| Your assignment |
Copy out exactly, from the entries that follow, the line holding "Permanent change in", the line holding "Based on results", and all lines between them, but no pictures.

Dataset items
== Segment start ==

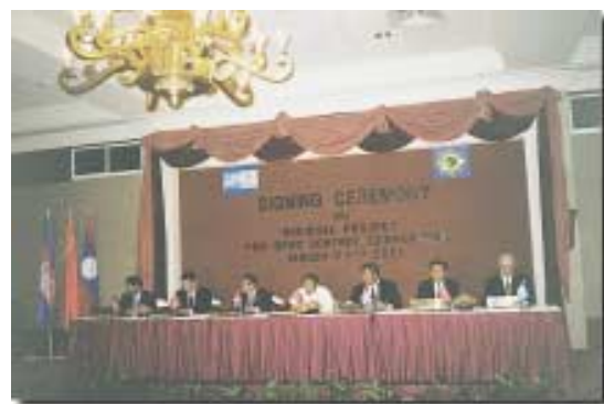
The Ministers of the 6 MOU signatory countries and UNDCP representative had signed the Precursors Control in East and Southeast Asia Project Document during the Ministerial Meeting on May 11, 2001 at Yangon, Union of Myanmar

During 19-20 May 2000, the National Authority for Combating Drugs and the Cambodian Government hosted the Senior Officials Committee (SOC) Meeting in Phnom Penh. New projects and initiatives were discussed. The meeting also elaborated on the need to develop joint actions against the threats that organized crime is exposing the region too. Transnational criminal syndicates are increasingly concentrating
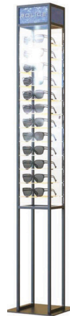
FLOOR DISPLAY (12 PIECE) PUESX701N07C (32cmx176x32cm)
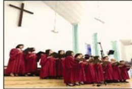
Mar 2018: TTMC Choir formed
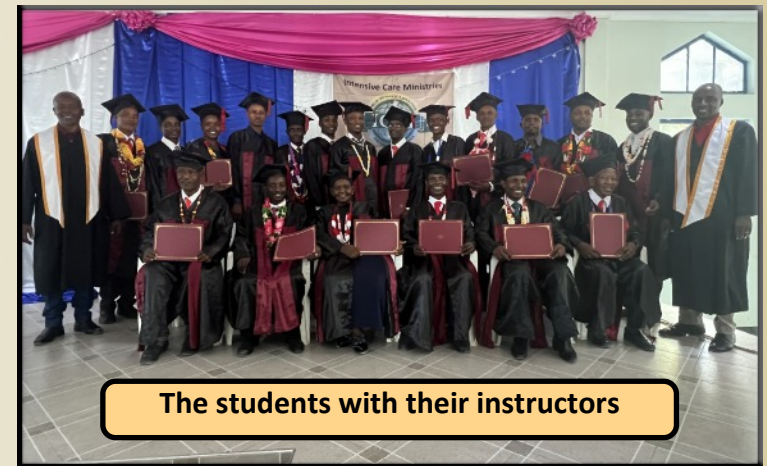
The students with their instructors

We are in the US until February 29th and would love to meet with as many supporters as possible. Our travel schedule is listed below, so if we are going to be in your area and you would like to see us, please try to attend the local event. If we don't see you this time, please know that we thank the Lord for each person and church who has partnered in the amazing work God is doing in Africa. And as always, we are anxiously waiting to see how and when He is going to answer our pleas for more help in the field.
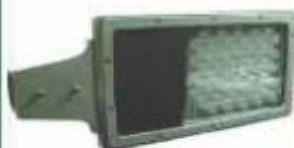
Street Light 54W (NB)
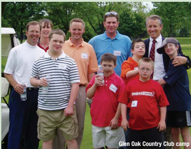
Glen Oak Country Club camp

Aurora Country Club Beverly Country Club Biltmore Country Club Boulder Ridge Country Club Bryn Mawr Country Club Butler National Golf Club Butterfield Country Club Calumet Country Club Chicago Golf Club Conway Farms Golf Club Cress Creek Country Club Crystal Lake Country Club Crystal Tree Golf & Country Club Dunes Club Edgewood Valley Country Club Elgin Country Club Evanston Golf Club Geneva Golf Club Glen Flora Country Club Glen Oak Country Club Glen View Club Hinsdale Golf Club
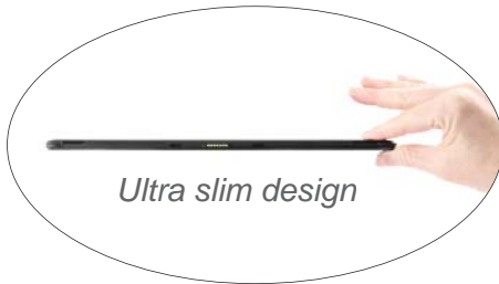
Ultra slim design
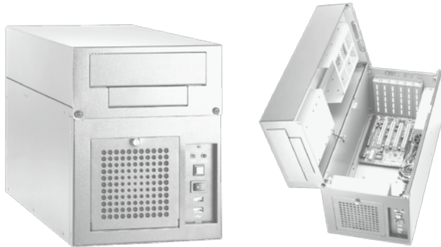
Flexible drive bay design for ease of maintenance
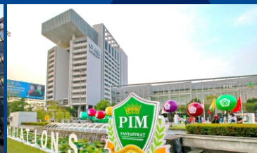
Panyapiwat Institute of Management, Nonthaburi, Thailand
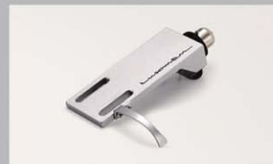
Headshell OPPD-SH1 Light magnesium alloy, 13g (including wires)
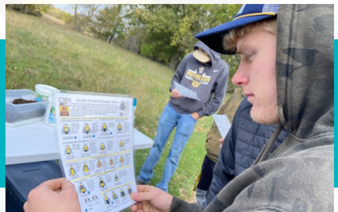
Student from Royalton identifying bumblebees at Prairie Woods Environmental Learning Center in Spicer, Minnesota.
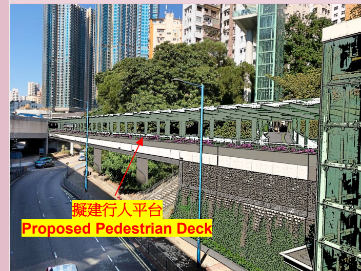
擬建行人平台 Proposed Pedestrian Deck

Contract No.: ED/2021/01 Elevated Landscaped Pedestrian Deck near MTR Kwun Tong Station
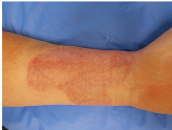
Figure 3. Meshed split skin graft to forearm 6 weeks post-grafting and demonstrating good healing.

been an early adopter of the multidisciplinary approach, with an emphasis on scar management by occupational therapists and physiotherapists, once wound healing has been achieved [17]. Scar modulation techniques include pressure garments, topical silicone materials, massage, moisturising and steroid injection and will be further discussed in this chapter.
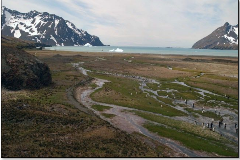
View towards Fortuna Bay showing braided river
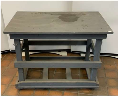
9. M - MOBILE GARDEN POTTING TABLE 37" X 22" X 29"
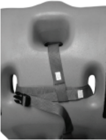
Step 5 Tread strapping under through crotch loop and up and out the right slot
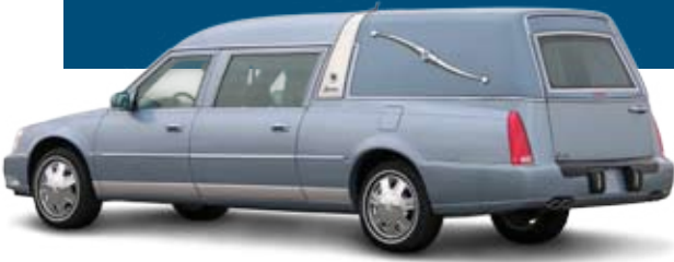
◀ Shown with optional Crown package.
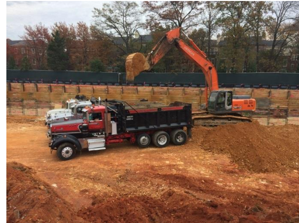
Lagging and excavation
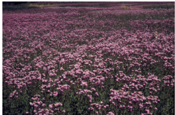
Permanent change in wildland plant and animal community caused by noxious weeds.

When considering long-term ecological effects on the land, invasion by aggressive non-indigenous noxious weeds is far more damaging than any wildfire.
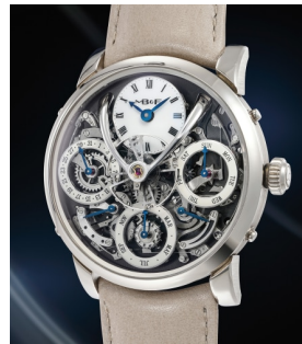
227 MB&F MB&F，精細，白金鏤空萬年曆... 估價 60,000 — 120,000 CHF
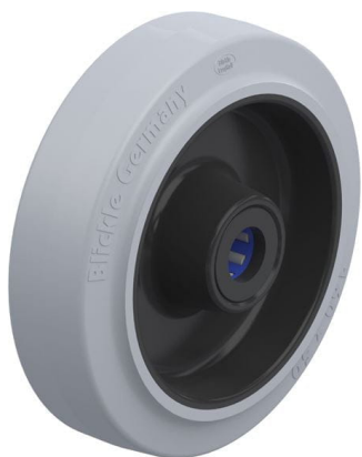
Wheel used POEV 160/20XR-SG
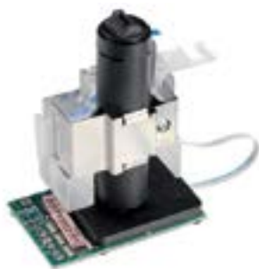
HP Optical Media Advance Sensor (OMAS)

HP Double Swath Technology provides breakthrough speed and performance. The HP Designjet Z6600 Production Printer includes two sets of three HP 771 and HP 773 Designjet Printheads, creating a wide print swath—up to 1.67 inches/42.5 mm—and a high firing frequency to deliver prints with amazing speed. Six bi-color printheads feature 1,056 nozzles per color, 1200 nozzles per inch, and small drop volumes for top photo quality.
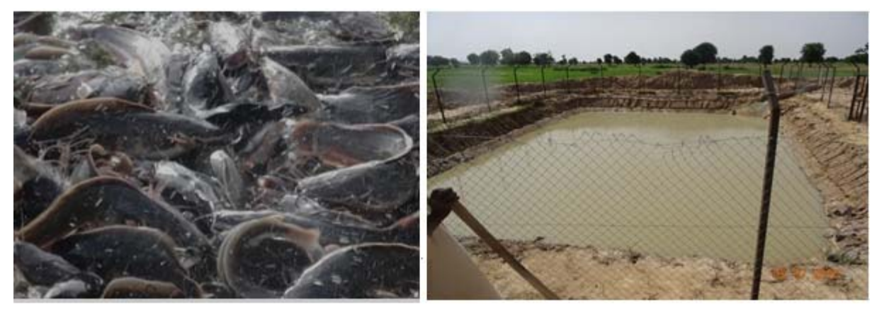
Development of aquaculture in Nigeria

Based on results obtained during the initial fish harvest, Governors of recipient states committed themselves to popularizing these fish farming techniques and to providing support to those who would like to create their own business in the aquaculture sector.
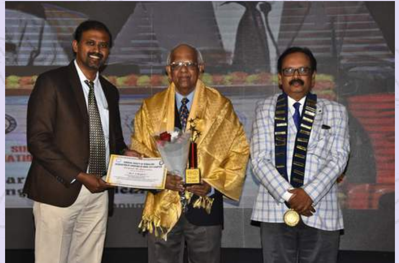
Honouring the Quiz Master

== Segment end ==

| Answer area |
Permanent change in wildland plant and animal community caused by noxious weeds.

When considering long-term ecological effects on the land, invasion by aggressive non-indigenous noxious weeds is far more damaging than any wildfire.
227 MB&F MB&F，精細，白金鏤空萬年曆... 估價 60,000 — 120,000 CHF
Wheel used POEV 160/20XR-SG
HP Optical Media Advance Sensor (OMAS)

HP Double Swath Technology provides breakthrough speed and performance. The HP Designjet Z6600 Production Printer includes two sets of three HP 771 and HP 773 Designjet Printheads, creating a wide print swath—up to 1.67 inches/42.5 mm—and a high firing frequency to deliver prints with amazing speed. Six bi-color printheads feature 1,056 nozzles per color, 1200 nozzles per inch, and small drop volumes for top photo quality.
Development of aquaculture in Nigeria

Based on results obtained during the initial fish harvest, Governors of recipient states committed themselves to popularizing these fish farming techniques and to providing support to those who would like to create their own business in the aquaculture sector.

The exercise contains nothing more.